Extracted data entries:
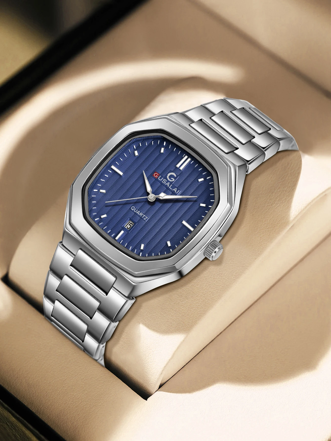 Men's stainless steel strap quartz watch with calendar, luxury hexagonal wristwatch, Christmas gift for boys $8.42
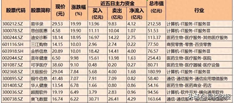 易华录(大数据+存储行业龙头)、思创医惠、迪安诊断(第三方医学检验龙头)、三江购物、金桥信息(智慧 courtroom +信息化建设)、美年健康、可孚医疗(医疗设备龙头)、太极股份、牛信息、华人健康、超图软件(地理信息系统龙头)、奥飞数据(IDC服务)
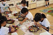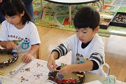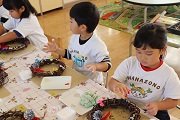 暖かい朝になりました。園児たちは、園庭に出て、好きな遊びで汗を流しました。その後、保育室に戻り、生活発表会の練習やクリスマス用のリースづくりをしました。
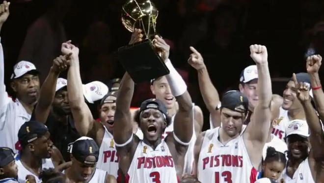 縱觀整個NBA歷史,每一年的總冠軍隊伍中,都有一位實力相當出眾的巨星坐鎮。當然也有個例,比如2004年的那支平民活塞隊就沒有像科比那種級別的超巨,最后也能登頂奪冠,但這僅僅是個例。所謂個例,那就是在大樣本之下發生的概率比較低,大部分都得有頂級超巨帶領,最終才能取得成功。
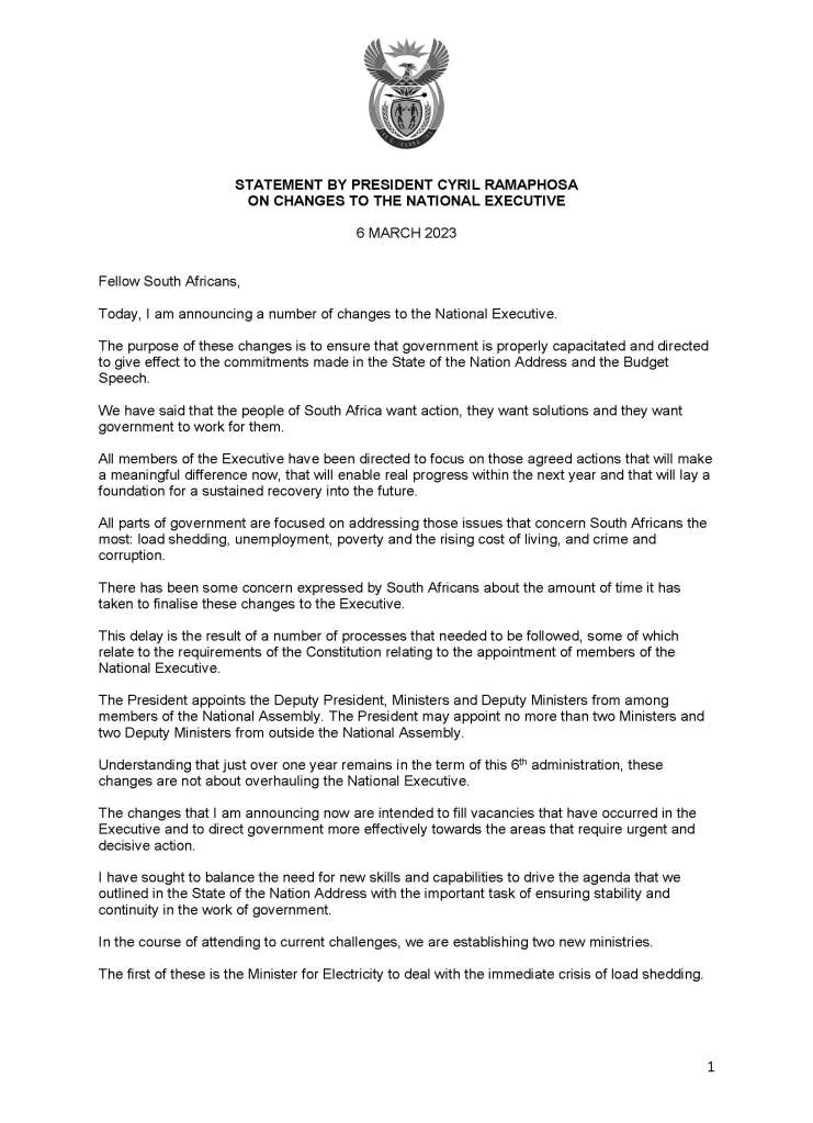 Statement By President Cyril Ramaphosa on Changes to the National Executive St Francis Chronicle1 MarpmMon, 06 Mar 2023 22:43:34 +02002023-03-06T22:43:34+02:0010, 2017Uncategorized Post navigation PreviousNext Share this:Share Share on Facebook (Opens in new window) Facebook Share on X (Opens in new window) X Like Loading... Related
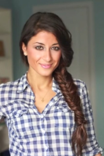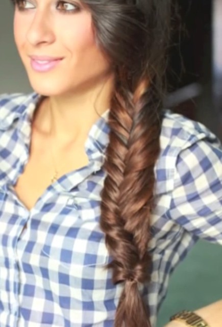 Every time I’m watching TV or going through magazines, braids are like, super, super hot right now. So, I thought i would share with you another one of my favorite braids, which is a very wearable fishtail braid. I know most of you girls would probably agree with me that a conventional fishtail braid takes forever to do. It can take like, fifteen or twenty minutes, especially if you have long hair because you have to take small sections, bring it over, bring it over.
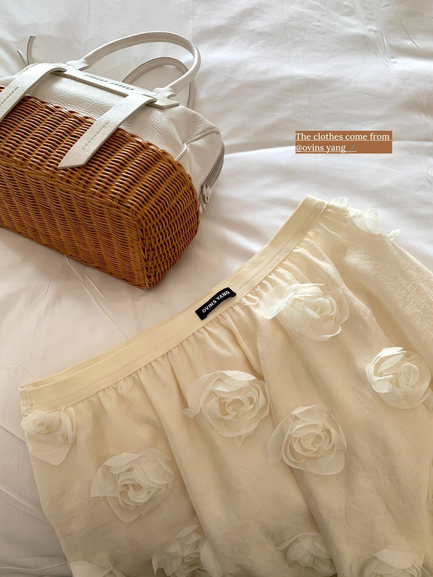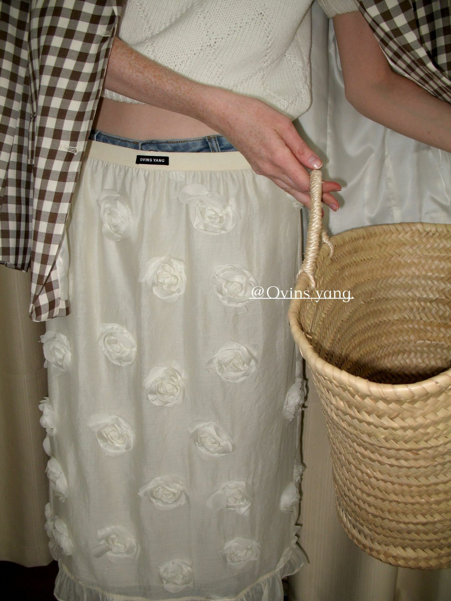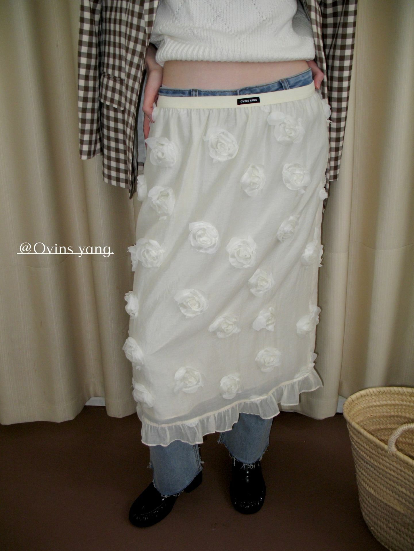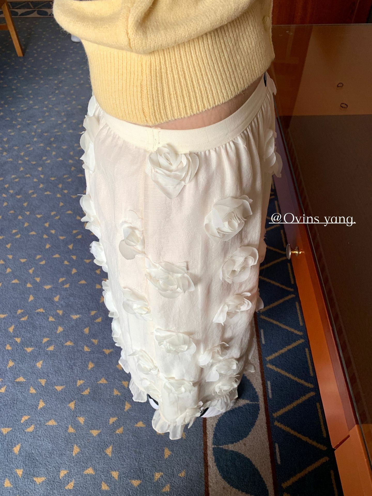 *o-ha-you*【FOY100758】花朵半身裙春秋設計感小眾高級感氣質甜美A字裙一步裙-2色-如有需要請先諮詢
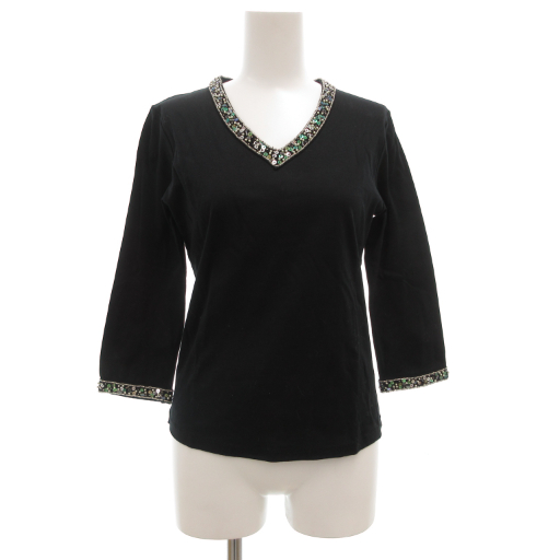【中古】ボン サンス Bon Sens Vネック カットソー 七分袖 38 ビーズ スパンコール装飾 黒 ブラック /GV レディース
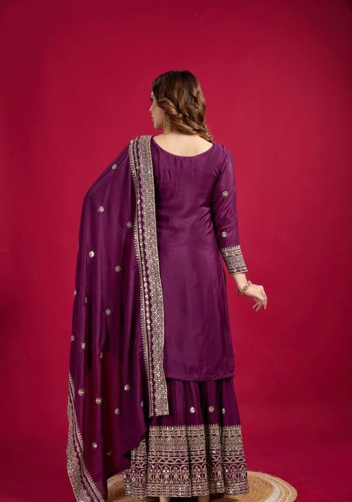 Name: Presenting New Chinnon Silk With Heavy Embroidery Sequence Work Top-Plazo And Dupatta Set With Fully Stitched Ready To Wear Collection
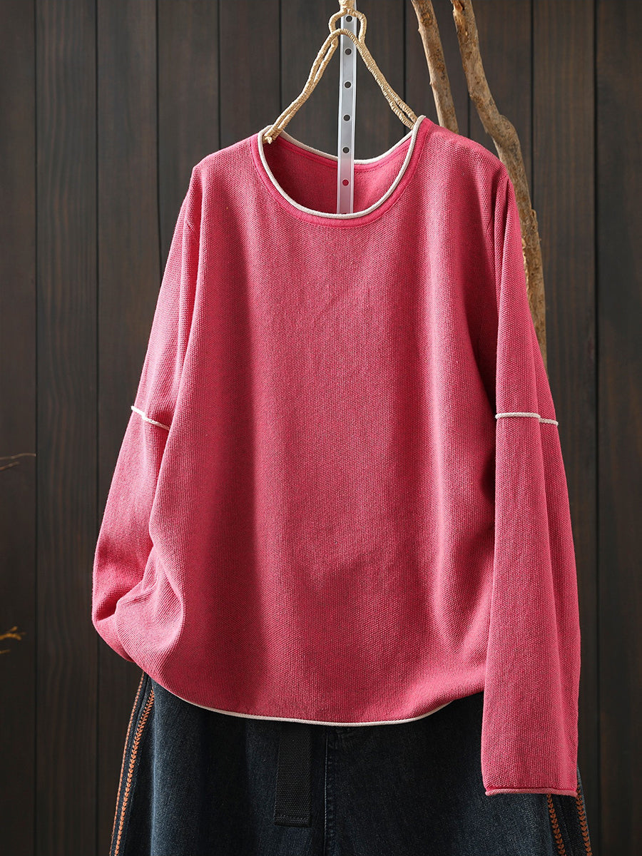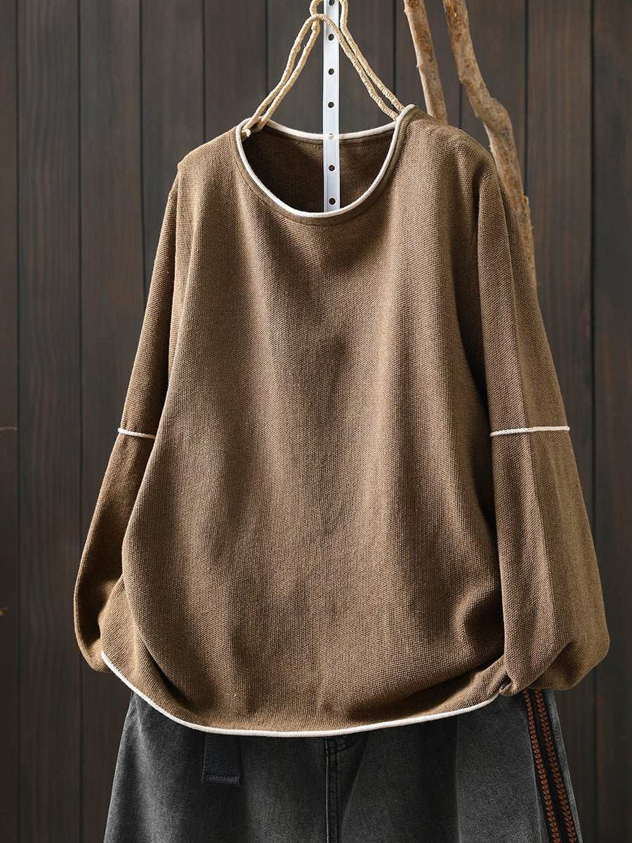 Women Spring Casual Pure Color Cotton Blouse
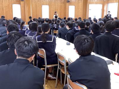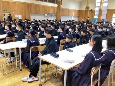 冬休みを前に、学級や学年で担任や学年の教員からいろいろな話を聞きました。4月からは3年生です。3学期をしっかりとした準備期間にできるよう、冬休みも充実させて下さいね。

= What you should do =
Output all of the entries once more, word for word, with the images removed.

= Output of the exercise =
 Men's stainless steel strap quartz watch with calendar, luxury hexagonal wristwatch, Christmas gift for boys $8.42
 易华录(大数据+存储行业龙头)、思创医惠、迪安诊断(第三方医学检验龙头)、三江购物、金桥信息(智慧 courtroom +信息化建设)、美年健康、可孚医疗(医疗设备龙头)、太极股份、牛信息、华人健康、超图软件(地理信息系统龙头)、奥飞数据(IDC服务)
 暖かい朝になりました。園児たちは、園庭に出て、好きな遊びで汗を流しました。その後、保育室に戻り、生活発表会の練習やクリスマス用のリースづくりをしました。
 縱觀整個NBA歷史,每一年的總冠軍隊伍中,都有一位實力相當出眾的巨星坐鎮。當然也有個例,比如2004年的那支平民活塞隊就沒有像科比那種級別的超巨,最后也能登頂奪冠,但這僅僅是個例。所謂個例,那就是在大樣本之下發生的概率比較低,大部分都得有頂級超巨帶領,最終才能取得成功。
 Statement By President Cyril Ramaphosa on Changes to the National Executive St Francis Chronicle1 MarpmMon, 06 Mar 2023 22:43:34 +02002023-03-06T22:43:34+02:0010, 2017Uncategorized Post navigation PreviousNext Share this:Share Share on Facebook (Opens in new window) Facebook Share on X (Opens in new window) X Like Loading... Related
 Every time I’m watching TV or going through magazines, braids are like, super, super hot right now. So, I thought i would share with you another one of my favorite braids, which is a very wearable fishtail braid. I know most of you girls would probably agree with me that a conventional fishtail braid takes forever to do. It can take like, fifteen or twenty minutes, especially if you have long hair because you have to take small sections, bring it over, bring it over.
 *o-ha-you*【FOY100758】花朵半身裙春秋設計感小眾高級感氣質甜美A字裙一步裙-2色-如有需要請先諮詢
【中古】ボン サンス Bon Sens Vネック カットソー 七分袖 38 ビーズ スパンコール装飾 黒 ブラック /GV レディース
 Name: Presenting New Chinnon Silk With Heavy Embroidery Sequence Work Top-Plazo And Dupatta Set With Fully Stitched Ready To Wear Collection
 Women Spring Casual Pure Color Cotton Blouse
 冬休みを前に、学級や学年で担任や学年の教員からいろいろな話を聞きました。4月からは3年生です。3学期をしっかりとした準備期間にできるよう、冬休みも充実させて下さいね。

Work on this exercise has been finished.